7 Lesions on DNA, proteins bound to DNA, and transcription can stall DNA replication. Primase can reinitiate replication to prevent the entire holoenzyme from stalling but leaving a gap that is repaired by other mechanisms. DNA helicases and other enzymes can be used to help DNA polymerase past bound proteins and to allow the polymerase to continue after it stalls from collisions with RNA polymerase.

8 The DNA in a bacterium that carries most of the genes is called the bacterial chromosome. The chromosome of most bacteria is a long, circular molecule that replicates in both directions from a unique origin of replication, oriC. Replication of the chromosomes initiates each time the cells reach a certain size. For fast-growing cells, new rounds of replication initiate before old ones are completed. This accounts for the fact that fast-growing cells have a higher DNA content than slowergrowing cells.

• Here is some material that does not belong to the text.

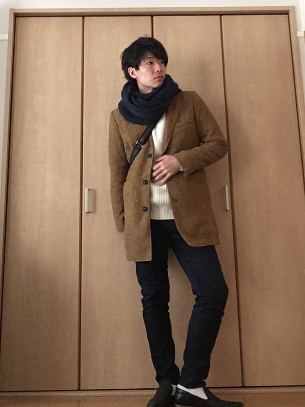 九州男児:0001号のストール/ショール「◆ボリュームスヌード」を使ったコーディネート
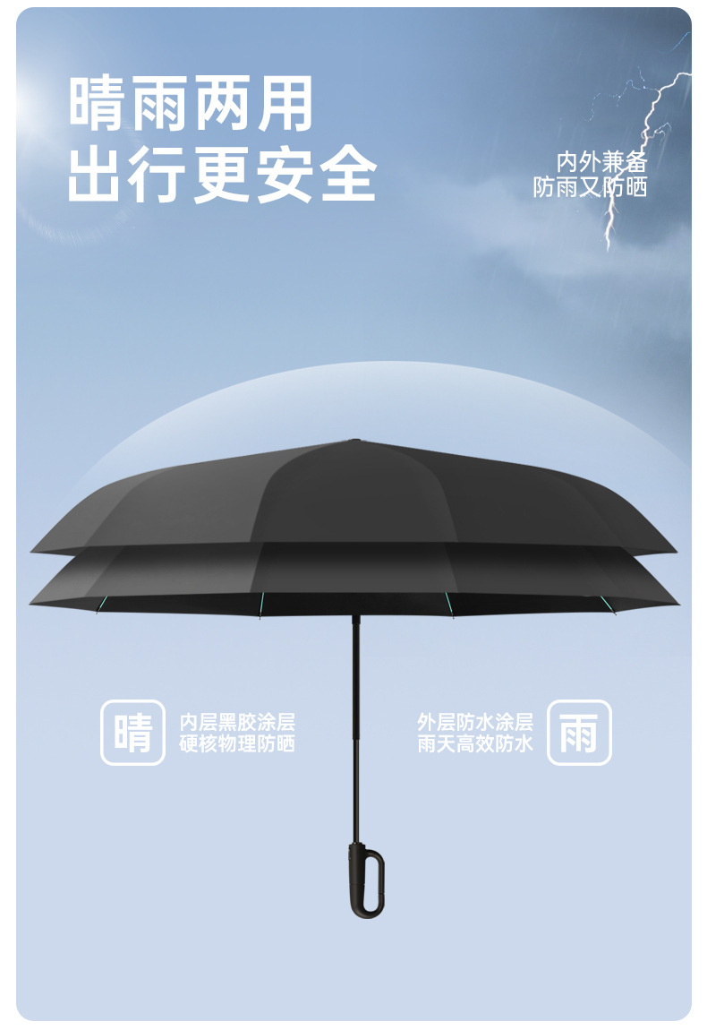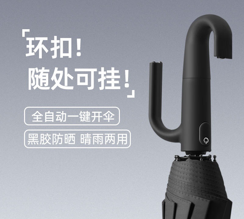 全自动高级感环扣晴雨伞抗风黑胶遮阳雨伞折叠挂钩男女便携遮阳伞 投诉

9 Chromosome replication terminates, and the two daughter DNAs separate, when the replication forks meet. In some bacteria, multiple ter sites that act as “one-way gates” delay movement of the replication forks on the chromosome. Proteins that bind to the ter sites that are inhibitors of the DnaB helicase stop replication at these sites.

10 To separate the daughter DNAs after replication, dimerized chromosomes, created by recombination between the daughter DNAs, are resolved by XerC and XerD, a site-specific recombination system that promotes recombination between the dif sites on the daughter chromosomes. The FtsK protein is a DNA translocase that promotes XerC-XerD recombination at dif sites to prevent dimerized chromosomal DNA from being guillotined by the forming septum. Topo IV decatenates the intertwined daughter DNAs by passing the double-stranded DNAs through each other, and its activity is also regulated temporally and spatially via an interaction with FtsK.

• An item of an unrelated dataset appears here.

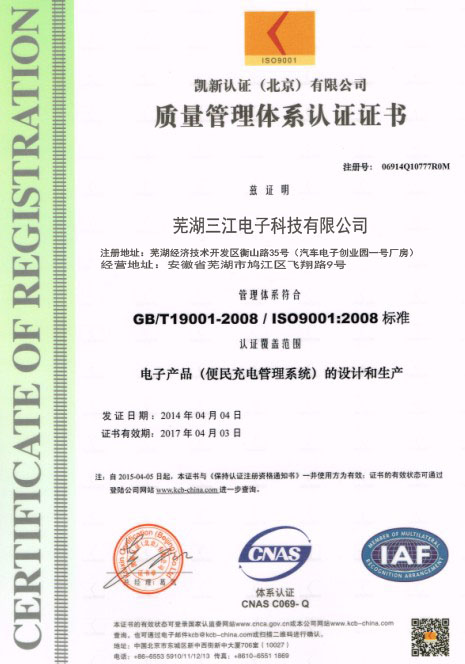 蕪湖三江電子科技有限公司,位于美麗的江城蕪湖,是一家目前國內(nèi)專業(yè)從事智能式自助產(chǎn)品的研發(fā)、生產(chǎn)、銷售及自助產(chǎn)品服務為一體的科技型企業(yè)。主要經(jīng)營:電動車充電站,電動車充電站配件,小區(qū)充電站,便民充電站、投幣充電站、手機支付充電站、刷卡充電站、智能充電站、智能充電系統(tǒng)等。歡迎大家來公司參觀考察!公司秉承“顧客至上,銳意進取”的經(jīng)營理念,堅持“客戶至上”的原則為廣大客戶提供優(yōu)質(zhì)的服務。歡迎廣大新老客戶惠顧!
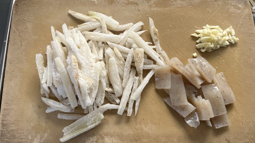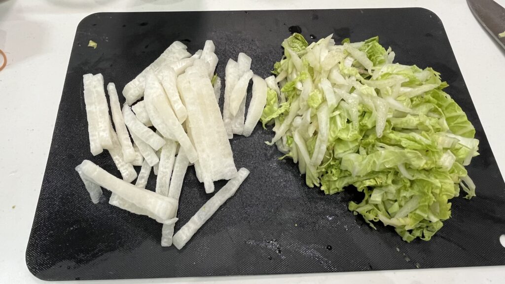 要は大根を細く切って軽く水分を抜いて片栗粉を加えて熱を加えればお餅みたいになります。後はお好みで色々トッピングです。白菜も大量消費したいのでお仲間として加えました。

11 The daughter chromosomes are segregated by condensing the DNAs through supercoiling by DNA gyrase and by condensins that hold the DNA in large supercoiled loops.

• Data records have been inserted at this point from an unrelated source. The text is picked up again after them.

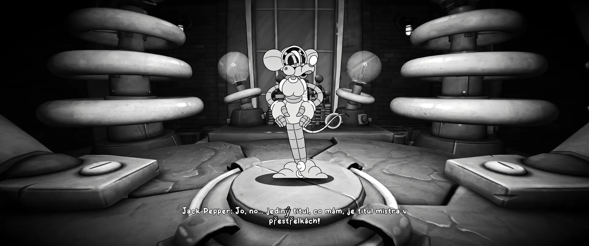 MOUSE jde proti moderním trendům automatického léčení, tady vládne klasický ukazatel HP a štítu. Zdraví doplňujete pojídáním sýra, který si můžete nést v inventáři, nebo pomocí léčivých lahviček, které se spotřebují ihned po sebrání. Souboje navíc obohacují výbušné sudy, ale i speciality jako sudy s kyselinou, které nepřátele leptají, nebo mrazicí sudy, které gangstery promění v ledové sochy. Celou atmosféru podtrhuje obsazení Troye Bakera do role Jacka Peppera. Jeho cynický hlas dává hře duši, zejména při konfrontacích s ikonickými bossy, které si berou inspiraci z Draculy, nebo Frankensteinova Monstra. MOUSE není jen pastvou pro oči, je to i koncert pro uši. Skvostný jazzový doprovod je tou pomyslnou třešničkou, která z noir atmosféry dělá nezapomenutelnou jízdu. Swingové pasáže reagují na každý váš krok a v momentě největší řežby se mění v agresivní bigbandovou smršť, která vás žene neustále vpřed. Zvukový design výstřelů má navíc ten správný syrový šmrnc starých detektivek, a když se spojí s ručně kreslenou animací, vzniká audiovizuální harmonie, která se neomrzí ani po desáté kapitole.
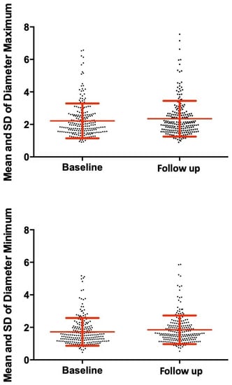 Mean and standard deviation (SD) of diameters (mm) at baseline and follow-up.
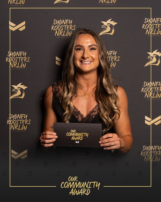 2023 Veronica White Medal nominee Brydie Parker has been awarded the Roosters Our Community Award for her unwavering commitment to community programs and initiatives.
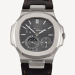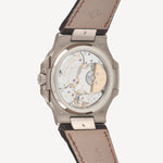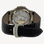 Un model extrem de apreciat de colecționari, Patek Philippe Nautilus 5712G-001 reprezintă o reinterpretare elegantă a iconicului Nautilus din anii '70. Ceasul impresionează prin carcasa sa din aur alb masiv de 18K, cu un diametru de 40 mm, realizată din trei piese, alături de o coroană înșurubabilă și un capac transparent din cristal safir.
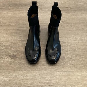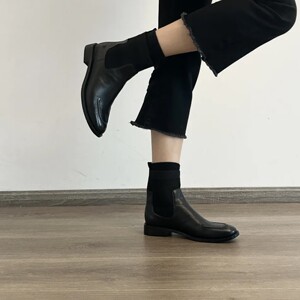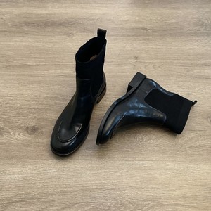法式拼接织物中跟粗跟短靴女2025秋冬新款方头弹力瘦瘦靴女靴
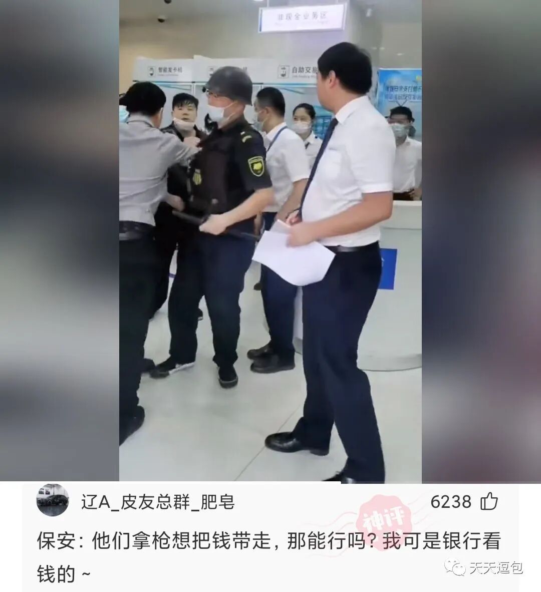 杭州某银行,运钞车护卫与保安发生冲突,具体原因尚不明确!
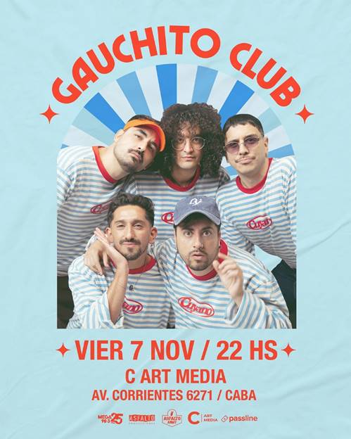 Este 7 de noviembre, la banda de Gabriel Nazar (voz, guitarra nylon), Sasha Nazar (voz y bajo), Julián Bermejo (guitarra eléctrica y coros), Nahuel Quimey Chandia (percusión) y Ale Rezk (saxo) llega al Art Media para despedir el año en Buenos Aires. Tras agotar en menos de una semana su último show en capital, y después de dar vuelta un Obras inolvidable, Gauchito vuelve con una última fecha especial que promete ser el cierre perfecto de un 2025 arrasador.
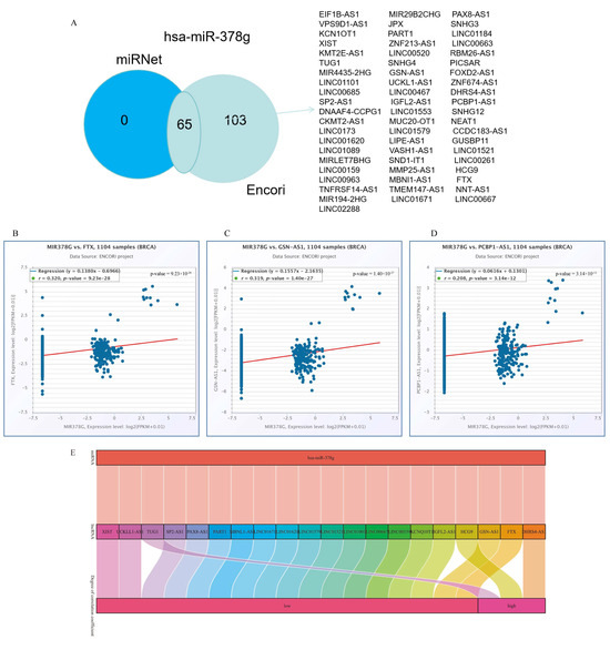 Prediction of lncRNA and ceRNA network construction in breast cancer. (A) Venn diagram showing the target lncRNAs of miR-378g. Correlations between miRNAs and target lncRNAs were analyzed using ENCORI (starBase v2.0) software. Scatter plots were used to show miRNA–lncRNAs with significant correlation. (B) Correlation between miR-378g and FTX. (C) Correlation between miR-378g and GSN-AS1. (D) Correlation between miR-378g and PCBP1-AS1. (E) Sankey diagram showing the lncRNA–miRNA–mRNA (YTHDF1) regulatory network consistent with the ceRNA hypothesis.

12 The FtsZ protein forms a ring at the midpoint of the cell, attracting other proteins, which form the division septum.

13 The Min proteins prevent the formation of FtsZ rings anywhere in the cell other than in the middle. Nucleoid occlusion proteins prevent the formation of FtsZ rings over nucleoids.

14 Initiation of a round of chromosome replication occurs once every time the cell divides. Initiation occurs when the ratio of active DnaA protein to origins of replication reaches a critical number. After replication initiates, its ATPase is upregulated by interaction with the β clamp and Hda, converting it to the inactive ADP-bound state to prevent reinitiation. In some bacteria, including E. coli and related enteric bacteria, new initiations are prevented by hemimethylation of the newly replicated DNA at the origin and by sequestration until the replication fork has left the origin.

15 The chromosomal DNA of bacteria is usually one long, continuous circular molecule about 1,000 times as long as the cell itself. This long DNA is condensed in a small part of the cell called the nucleoid. In this structure, the DNA loops out of a central condensed core region. Some of these loops of DNA are negatively supercoiled. In E. coli, most DNAs have one supercoil about every 300 bases.

16 The enzymes that modulate DNA supercoiling in the cell are called topoisomerases. There are two types of topoisomerases in cells. Type I topoisomerases can remove supercoils one at a time by breaking only one strand and passing the other strand through the break. Type II topoisomerases remove or add supercoils two at a time by breaking both strands and passing another region of the DNA through the break. The enzyme responsible for adding the negative supercoils to DNA in bacteria is a type II topoisomerase called gyrase. Topo IV decatenates daughter DNAs after replication.